One of my sponsors said that Step 4 is simply a list of resentments, fears & sexual conduct which have harmed others or where I have been harmed. We do not do this step to beat ourselves up or to dwell on past pain. We do it to find a positive constructive way to deal with the past and move forward one day at a time. That also made sense.

I jumped in, following the format in the Big Book.

I started with a list of my resentments. The list reminded me of the one-time proverbial Manhattan telephone book; I had a lot of resentments, starting from about age 3 until that present moment. There were resentments I had nurtured, nourished, babied, diapered, and lovingly fed, and there were ones that were relatively minor. And I loved writing them out.

At least I loved it until I read this in the Big Book: “It is plain that a life which includes deep resentment leads only to futility and unhappiness. To the precise extent that we permit these, do we squander the hours that might have been worth while.
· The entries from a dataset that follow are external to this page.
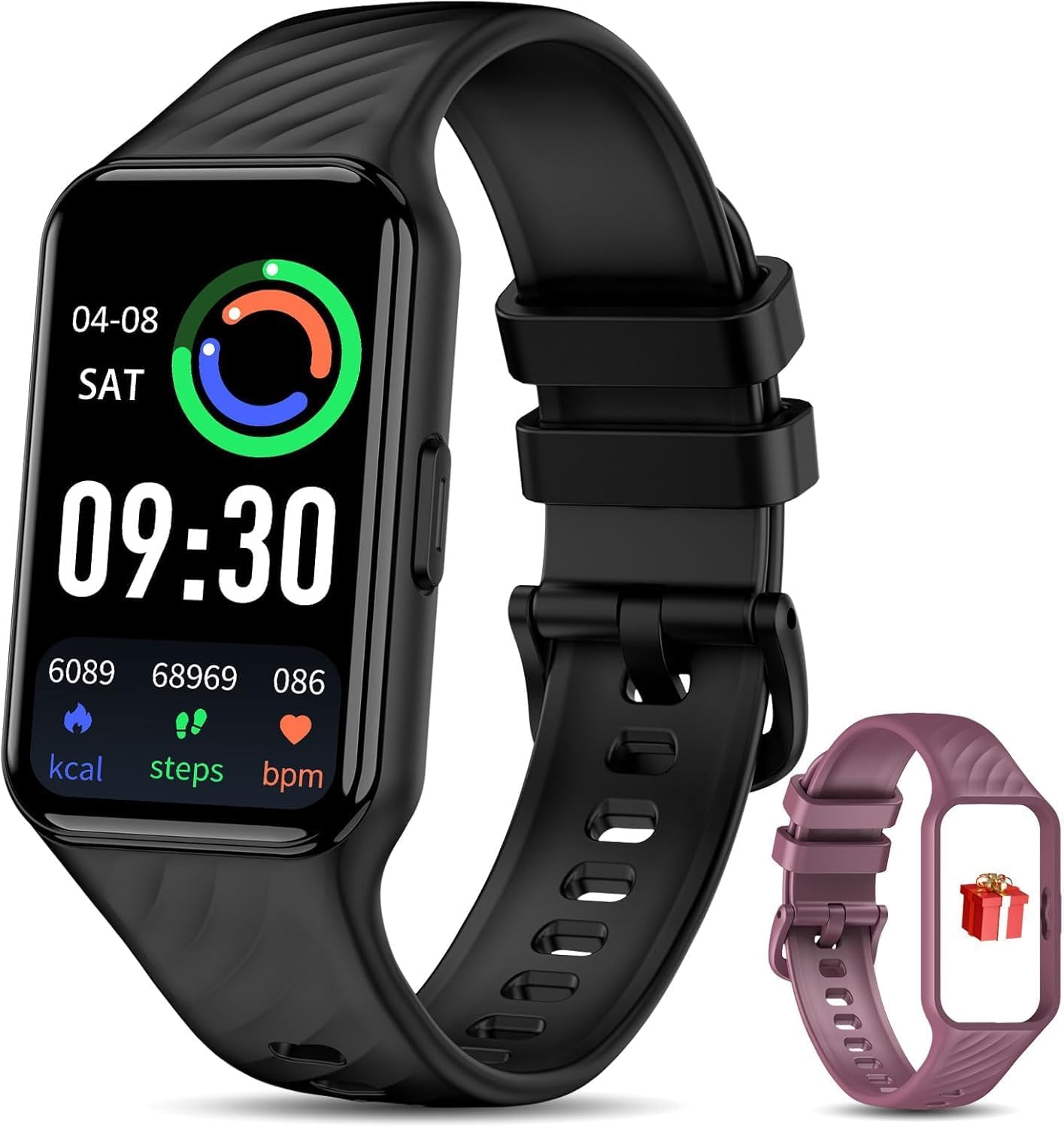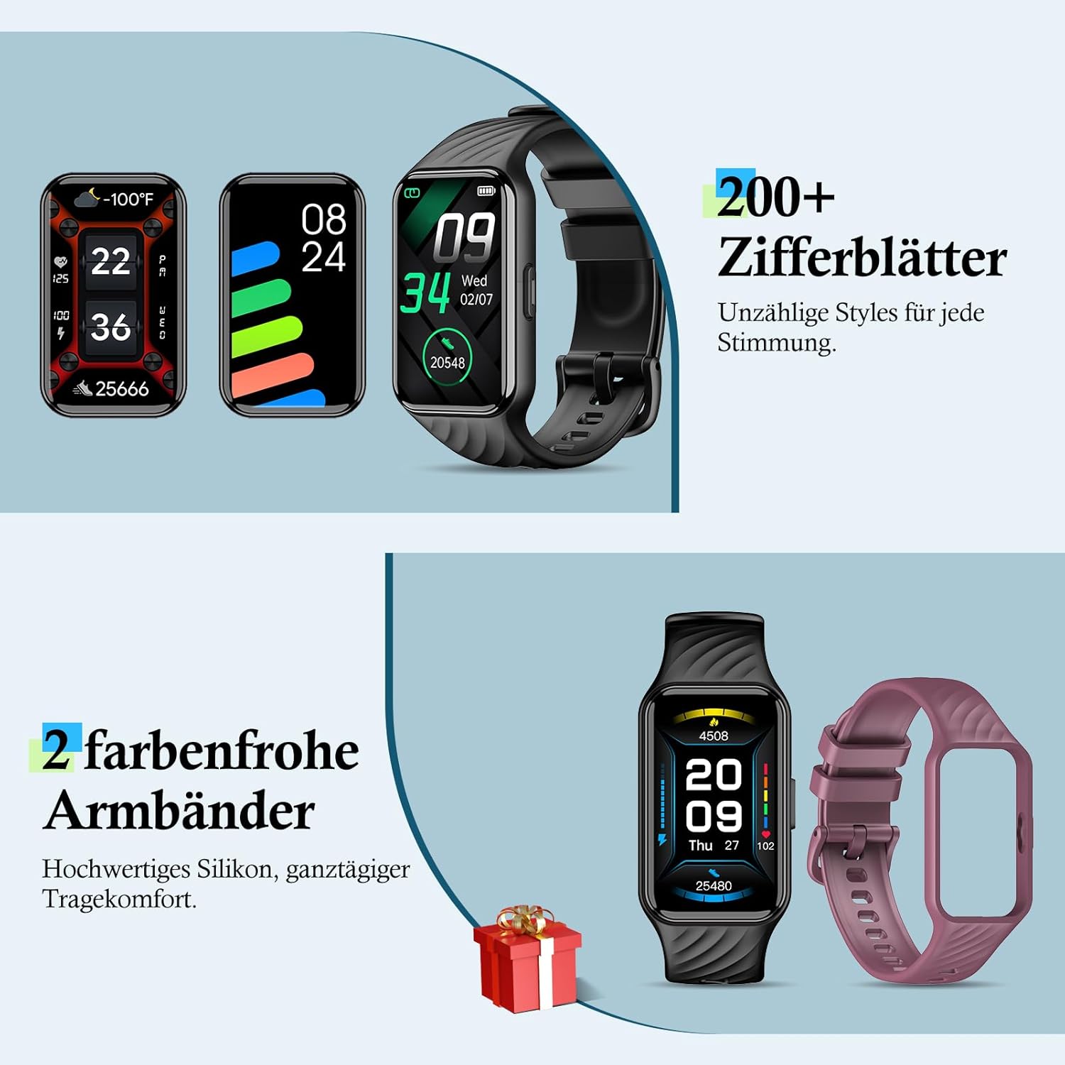 • HD дисплей и над 200 циферблата, както и две каишки: 1,47-инчовият циферблат пасва перфектно на китката ви. Гривната е изработена от висококачествен силикон, лека е и удобна и отговаря на изискванията на всеки, който цени комфортното прилягане. Смарт часовникът има над 200 онлайн циферблата с цветни шарки, от които да избирате. Можете също да качите снимка от телефона си като тапет. Каишките се предлагат в различни цветове, като всеки часовник се предлага с две сменяеми каишки в зависимост от вашите предпочитания.
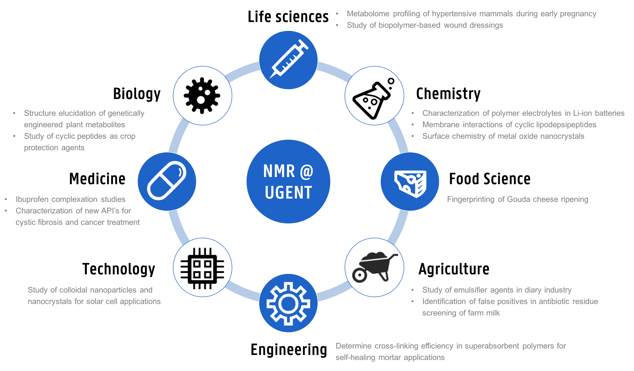 The goal of the NMR Expertise Centre is to make the NMR infrastructure and knowledge accessible to the entire UGent Research Community and beyond. The figure below provides a number of research areas and specific studies were NMR has played a central role in providing crucial information. The areas highlighted here are non exhaustive and include only a few examples.
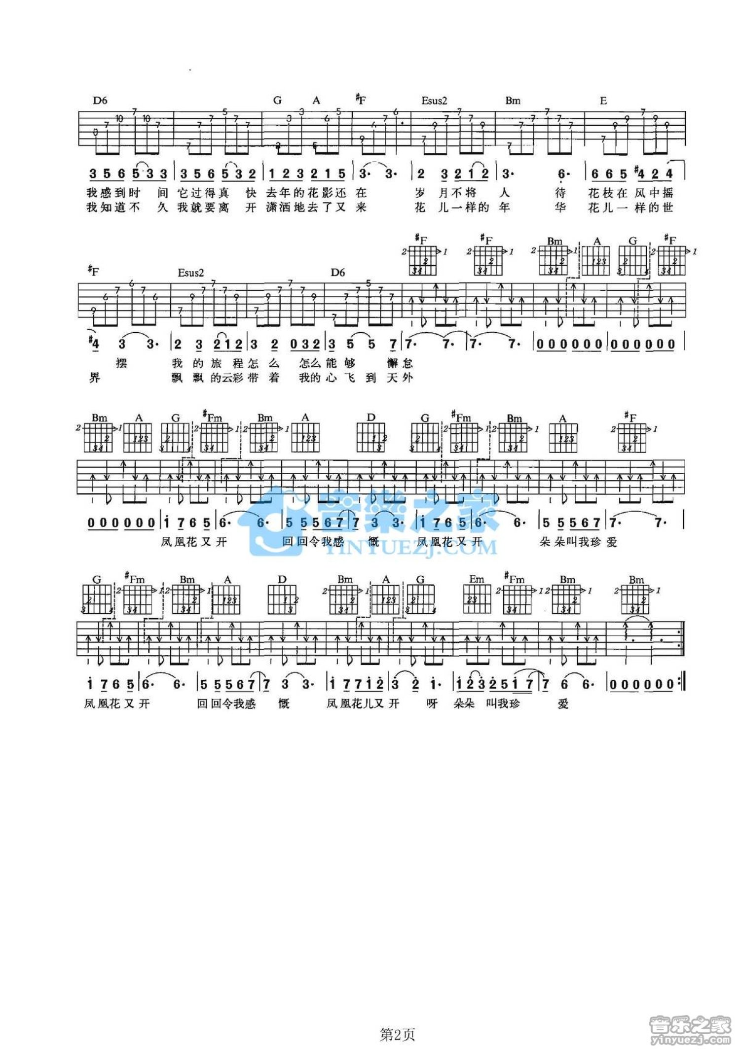 曲谱介绍: D调版陈楚生《凤凰花又开》吉他弹唱六线谱
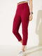 Çımalı Bel Fermuarlı Pantolon Bordo
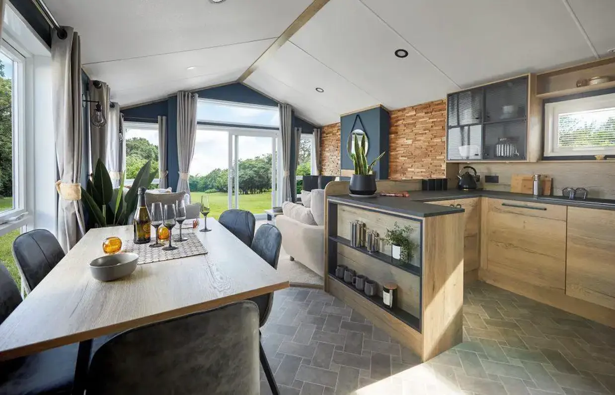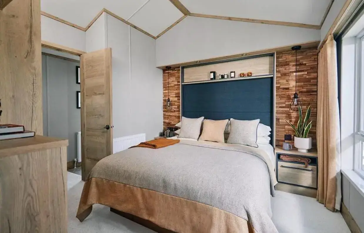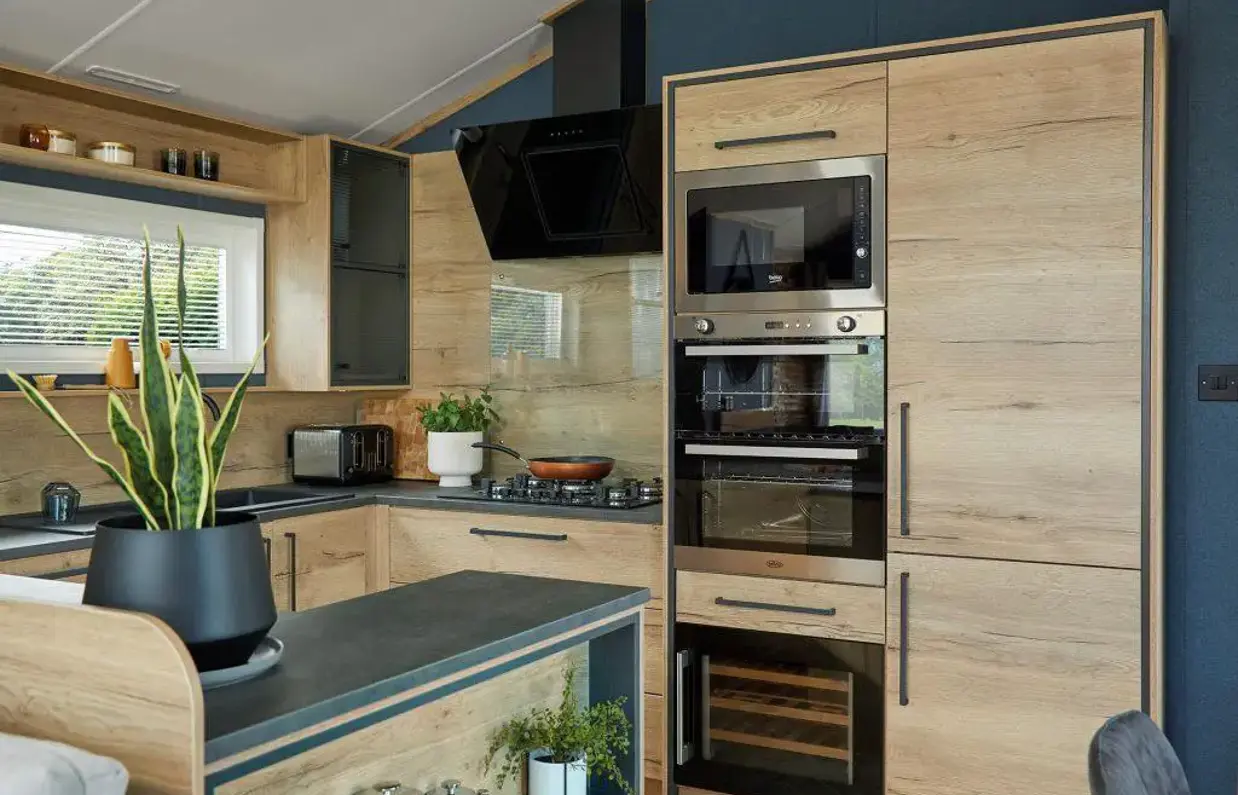 The ABI Westwood features design that oozes style and contemporary chic with it's natural wood, faux brick feature walls and dark blue colour scheme.

But with the alcoholic, whose hope is the maintenance and growth of a spiritual experience, this business of resentment is infinitely grave. We found that it is fatal. For when harboring such feeling we shut ourselves off from the sunlight of the Spirit. The insanity of alcohol returns and we drink again. And with us, to drink is to die. If we were to live, we had to be free of anger. The grouch and the brainstorm were not for us. They may be the dubious luxury of normal men, but for alcoholics these things are poison.” Alcoholics Anonymous World Service (2014-01-05). Alcoholics Anonymous (Kindle Locations 1308-1314).
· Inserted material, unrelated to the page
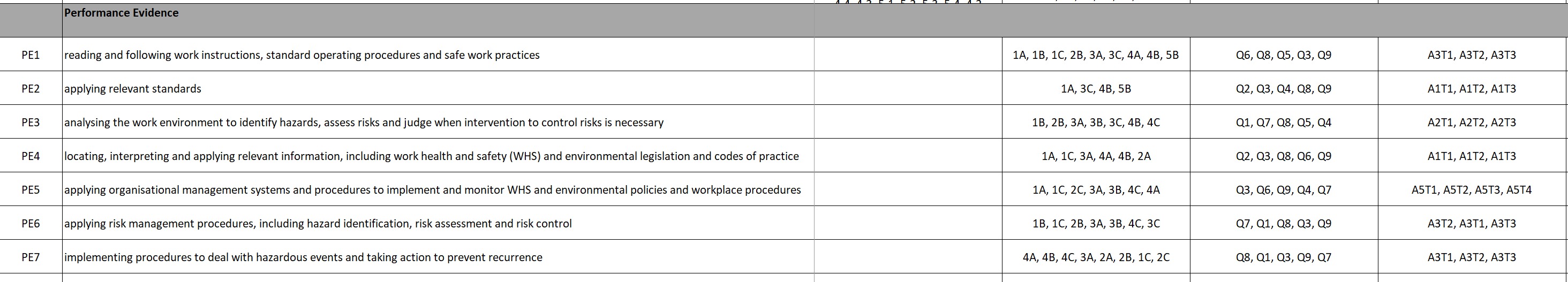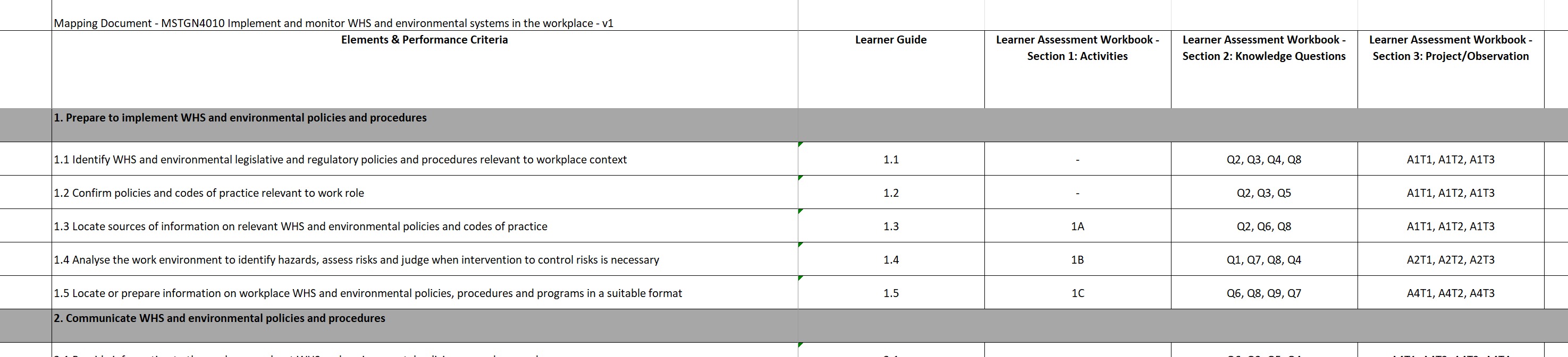 The Mapping Document shows how assessment tasks align with the unit’s Elements, Performance Criteria, Knowledge Evidence, Performance Evidence, Assessment Conditions and Foundation Skills.

In other words, I couldn’t afford to hang on to my lifelong resentments. And in fact, I was instructed to begin the process of where I had been responsible in the situations that had created the resentments: “Putting out of our minds the wrongs others had done, we resolutely looked for our own mistakes. Where had we been selfish, dishonest, self-seeking and frightened? Though a situation had not been entirely our fault, we tried to disregard the other person involved entirely. Where were we to blame? The inventory was ours, not the other man’s. When we saw our faults we listed them. We placed them before us in black and white. We admitted our wrongs honestly and were willing to set these matters straight." Alcoholics Anonymous World Service (2014-01-05). Alcoholics Anonymous (Kindle Locations 1326-1329).
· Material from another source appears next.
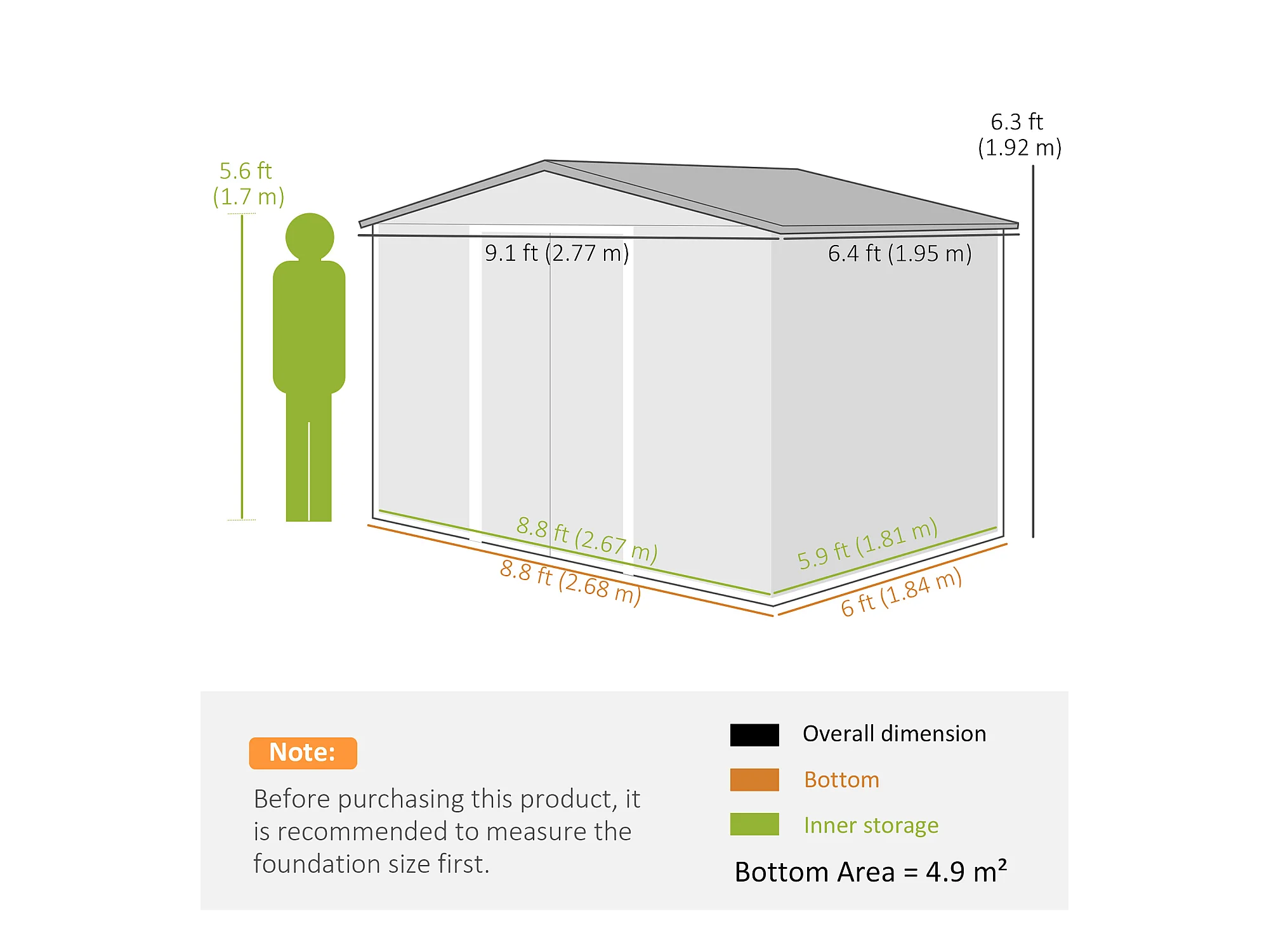Capanno attrezzi con tetto inclinato e porta scorrevole acciaio verde

I had thought that this turnaround would be painful, but it wasn’t. It was enormously liberating and empowering. Paradoxically, I was no longer a victim because I had had a part in the relationships. I had thought this would be humiliating, but it wasn’t. It was freeing. And for the first time in my life I began to feel that a spiritual burden had removed from my soul.

The same thing happened with my fear and sex inventories. I began to open my heart and soul to my Higher Power.

Back to the "moral" issue thing. I'm still not fond of the word "moral" because it connotes "sin" and "transgression" and the like. What I came to understand is that the things that caused me to behave the way I did were the things that were blocking me from my Higher Power, things that were damaging my soul and the souls of everyone around me. Please don't let the word "moral" discourage you!

And so I offer you the opportunity to work Step 4. Make sure you are staying in touch with your sponsor. Share your experiences with each other. Use the tools. Stay in daily contact with your Higher Power.

You got this. Better put, we got this together.

Just one question: what are your thoughts on Step 4? What's it like for you to work Step 4?